Stochastic optimization on matrices and a graphon McKean-Vlasov limit
This work provides a theoretical foundation for scaling optimization algorithms in graph-based machine learning, though it is incremental as it builds on prior graphon gradient flow results.
The paper tackles the problem of establishing deterministic limits for stochastic gradient descent on large symmetric matrices under permutation invariance, showing that under a small noise assumption, the limit corresponds to a gradient flow on graphons, and with scaled reflected Brownian noise, it extends to a McKean-Vlasov limit characterized by stochastic differential equations with reflections.
We consider stochastic gradient descents on the space of large symmetric matrices of suitable functions that are invariant under permuting the rows and columns using the same permutation. We establish deterministic limits of these random curves as the dimensions of the matrices go to infinity while the entries remain bounded.

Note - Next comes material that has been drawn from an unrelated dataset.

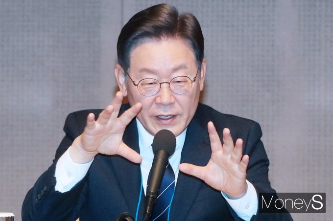 이재명 더불어민주당 대선후보가 6일 서울 중구 세종대로 프레스센터에서 열린 한국행정학회 주최 대통령선거 후보자 초청 토론회에서 기조연설을 마치고 대화하고 있다.

Under a ``small noise'' assumption the limit is shown to be the gradient flow of functions on graphons whose existence was established in Oh, Somani, Pal, and Tripathi, \texit{J Theor Probab 37, 1469--1522 (2024)}. We also consider limits of stochastic gradient descents with added properly scaled reflected Brownian noise. The limiting curve of graphons is characterized by a family of stochastic differential equations with reflections and can be thought of as an extension of the classical McKean-Vlasov limit for interacting diffusions to the graphon setting. The proofs introduce a family of infinite-dimensional exchangeable arrays of reflected diffusions and a novel notion of propagation of chaos for large matrices of diffusions converging to such arrays in a suitable sense.